Excerpts from a dataset
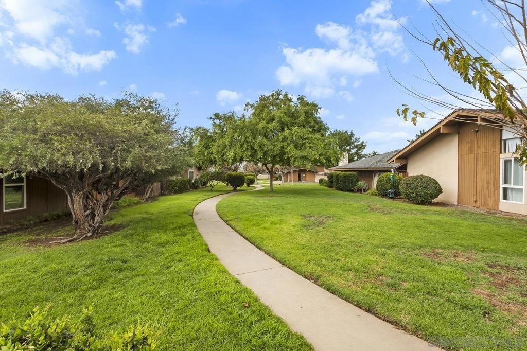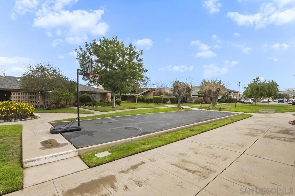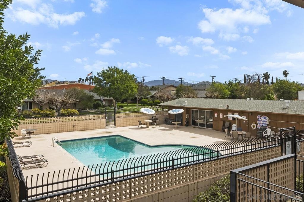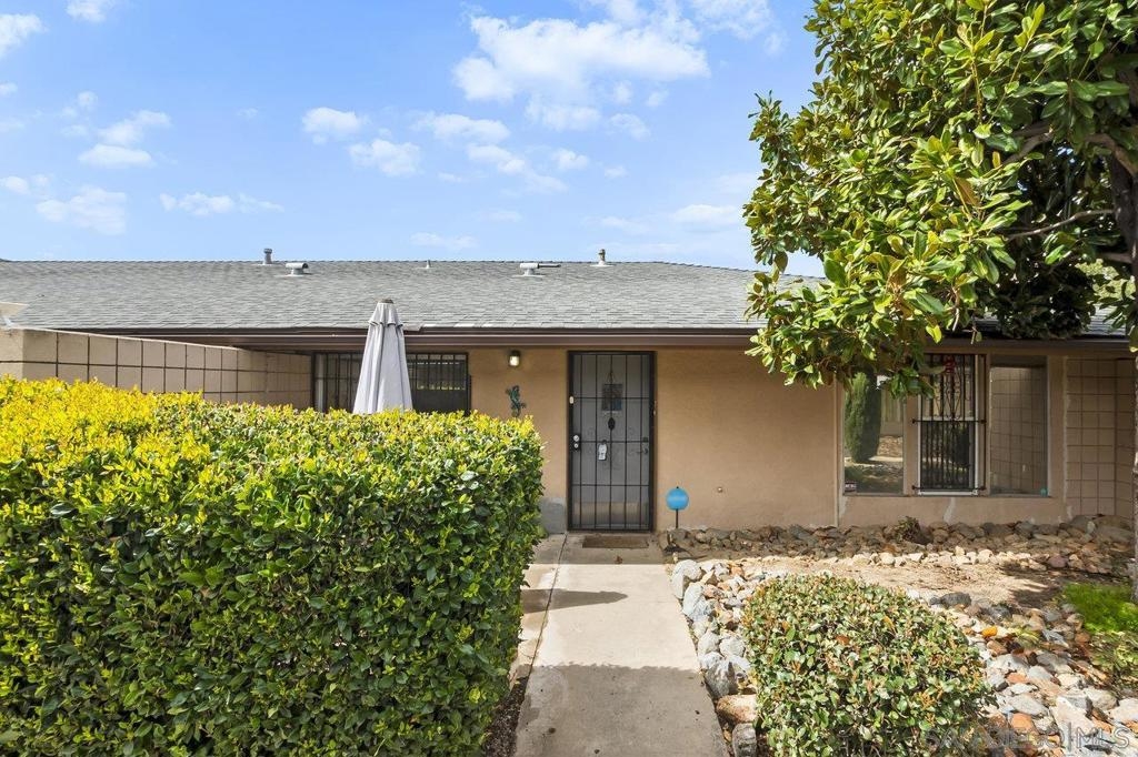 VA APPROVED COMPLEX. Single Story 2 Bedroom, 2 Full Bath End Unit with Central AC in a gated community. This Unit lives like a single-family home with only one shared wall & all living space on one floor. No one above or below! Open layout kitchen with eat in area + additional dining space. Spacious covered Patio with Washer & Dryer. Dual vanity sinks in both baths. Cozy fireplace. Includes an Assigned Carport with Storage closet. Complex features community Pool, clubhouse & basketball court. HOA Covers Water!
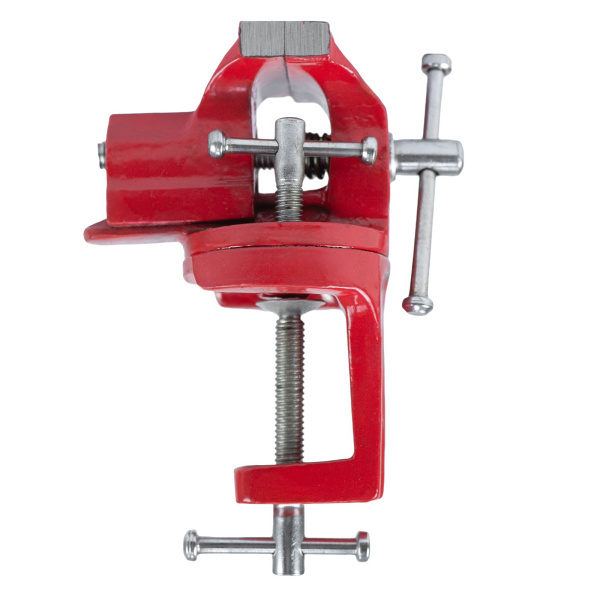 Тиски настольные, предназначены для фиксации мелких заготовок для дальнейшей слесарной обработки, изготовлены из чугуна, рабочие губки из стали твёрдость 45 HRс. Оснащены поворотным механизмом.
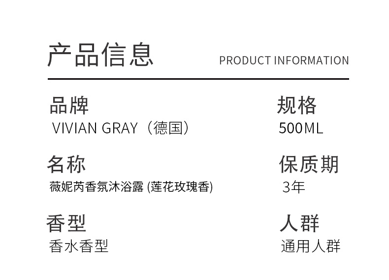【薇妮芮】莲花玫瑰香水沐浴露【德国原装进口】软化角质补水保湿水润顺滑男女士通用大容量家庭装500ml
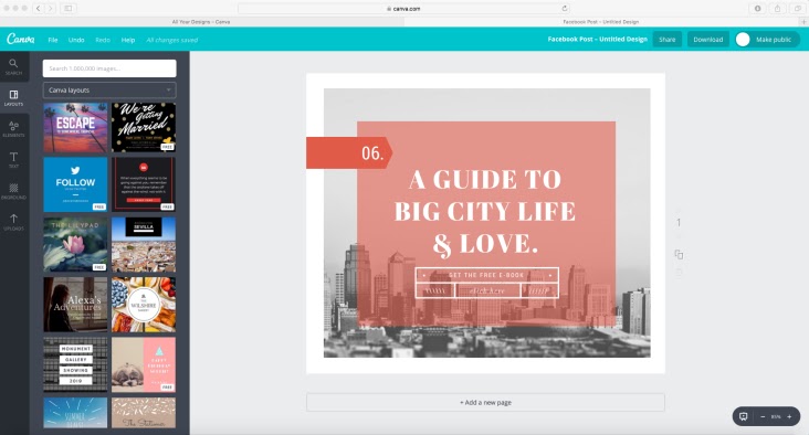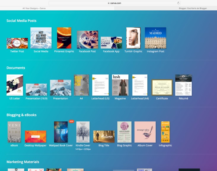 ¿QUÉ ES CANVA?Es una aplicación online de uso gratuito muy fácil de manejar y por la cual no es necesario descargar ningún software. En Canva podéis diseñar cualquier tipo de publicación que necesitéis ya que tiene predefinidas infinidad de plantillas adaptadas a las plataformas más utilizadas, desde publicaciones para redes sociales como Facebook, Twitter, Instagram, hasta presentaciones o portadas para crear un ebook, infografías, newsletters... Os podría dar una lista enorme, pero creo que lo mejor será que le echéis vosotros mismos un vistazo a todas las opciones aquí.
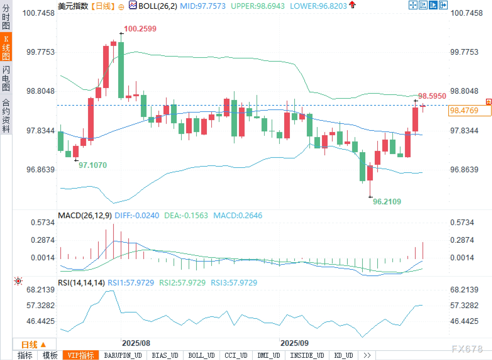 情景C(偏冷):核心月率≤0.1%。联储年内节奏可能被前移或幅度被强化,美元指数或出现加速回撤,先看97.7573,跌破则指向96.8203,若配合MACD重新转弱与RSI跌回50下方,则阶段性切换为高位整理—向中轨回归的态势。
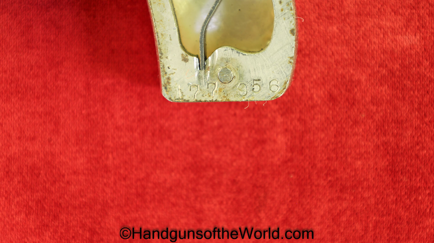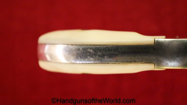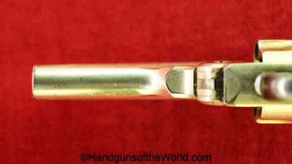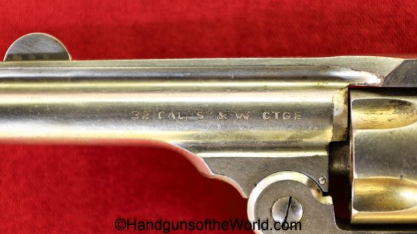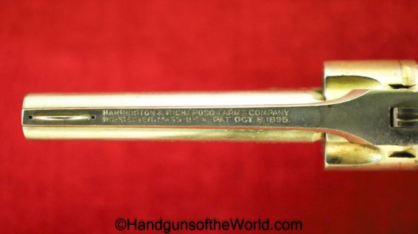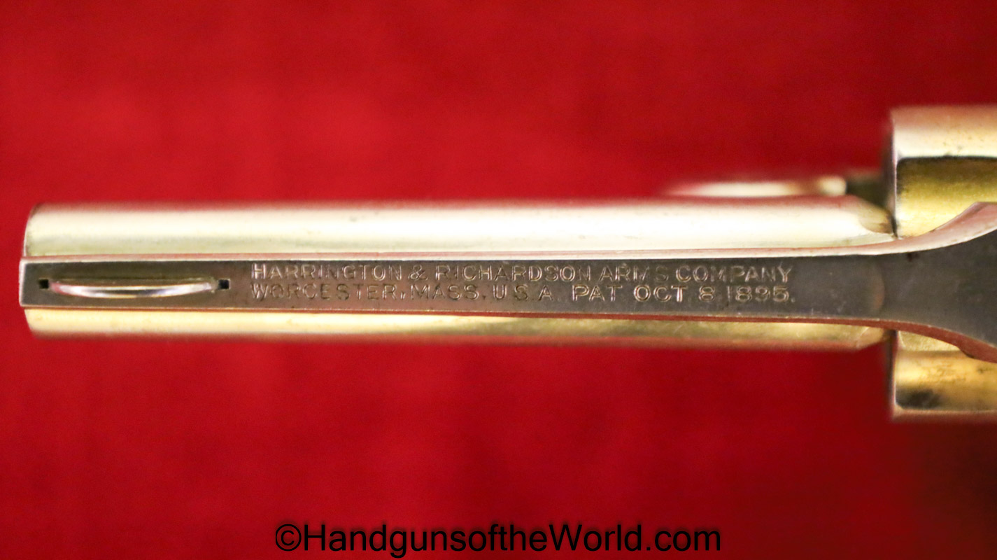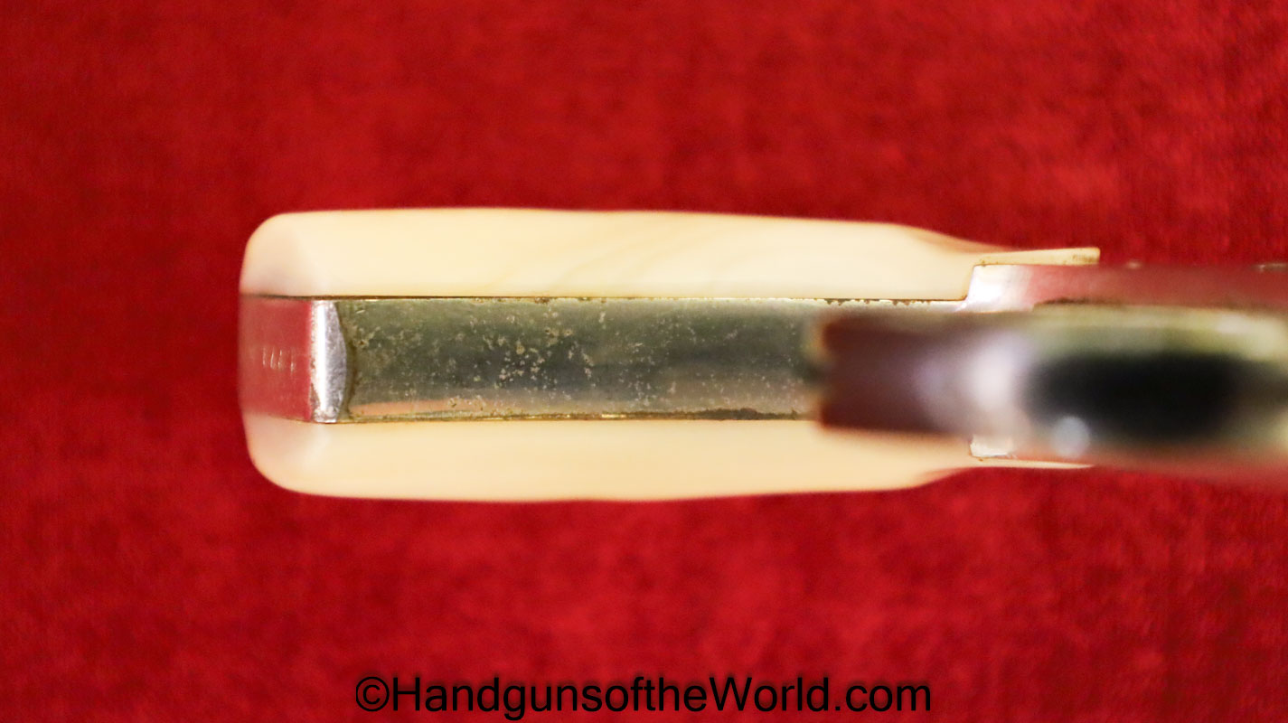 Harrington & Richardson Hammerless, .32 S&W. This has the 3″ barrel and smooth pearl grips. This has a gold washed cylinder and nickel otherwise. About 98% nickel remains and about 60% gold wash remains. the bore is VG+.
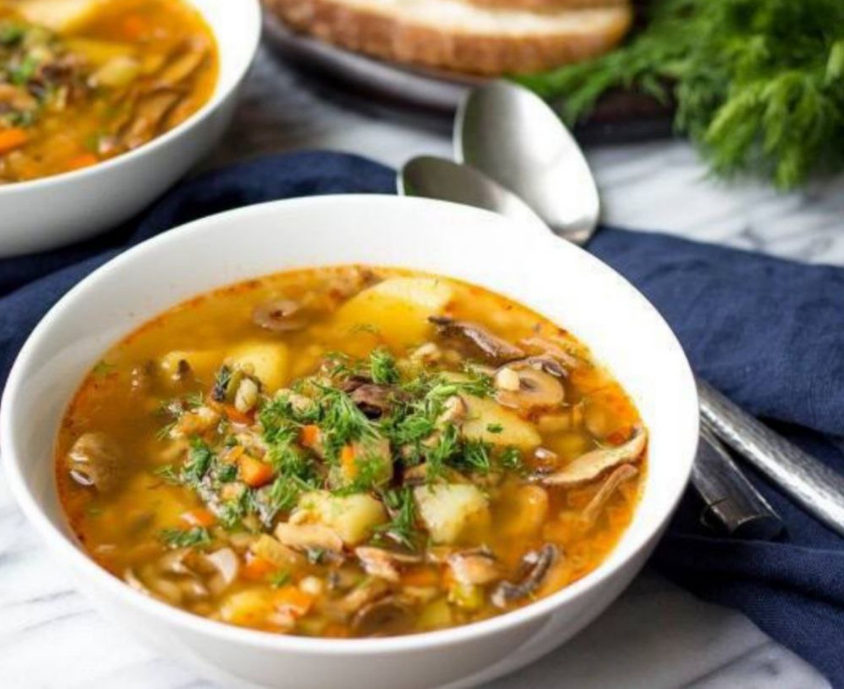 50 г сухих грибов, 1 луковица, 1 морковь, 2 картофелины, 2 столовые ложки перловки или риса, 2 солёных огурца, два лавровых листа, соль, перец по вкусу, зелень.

* **TASK DIRECTIONS**: Repeat each entry precisely as it appears. Leave the pictures out.

* **OUTPUT**:
 VA APPROVED COMPLEX. Single Story 2 Bedroom, 2 Full Bath End Unit with Central AC in a gated community. This Unit lives like a single-family home with only one shared wall & all living space on one floor. No one above or below! Open layout kitchen with eat in area + additional dining space. Spacious covered Patio with Washer & Dryer. Dual vanity sinks in both baths. Cozy fireplace. Includes an Assigned Carport with Storage closet. Complex features community Pool, clubhouse & basketball court. HOA Covers Water!
 Тиски настольные, предназначены для фиксации мелких заготовок для дальнейшей слесарной обработки, изготовлены из чугуна, рабочие губки из стали твёрдость 45 HRс. Оснащены поворотным механизмом.
【薇妮芮】莲花玫瑰香水沐浴露【德国原装进口】软化角质补水保湿水润顺滑男女士通用大容量家庭装500ml
 ¿QUÉ ES CANVA?Es una aplicación online de uso gratuito muy fácil de manejar y por la cual no es necesario descargar ningún software. En Canva podéis diseñar cualquier tipo de publicación que necesitéis ya que tiene predefinidas infinidad de plantillas adaptadas a las plataformas más utilizadas, desde publicaciones para redes sociales como Facebook, Twitter, Instagram, hasta presentaciones o portadas para crear un ebook, infografías, newsletters... Os podría dar una lista enorme, pero creo que lo mejor será que le echéis vosotros mismos un vistazo a todas las opciones aquí.
 情景C(偏冷):核心月率≤0.1%。联储年内节奏可能被前移或幅度被强化,美元指数或出现加速回撤,先看97.7573,跌破则指向96.8203,若配合MACD重新转弱与RSI跌回50下方,则阶段性切换为高位整理—向中轨回归的态势。
 Harrington & Richardson Hammerless, .32 S&W. This has the 3″ barrel and smooth pearl grips. This has a gold washed cylinder and nickel otherwise. About 98% nickel remains and about 60% gold wash remains. the bore is VG+.
 50 г сухих грибов, 1 луковица, 1 морковь, 2 картофелины, 2 столовые ложки перловки или риса, 2 солёных огурца, два лавровых листа, соль, перец по вкусу, зелень.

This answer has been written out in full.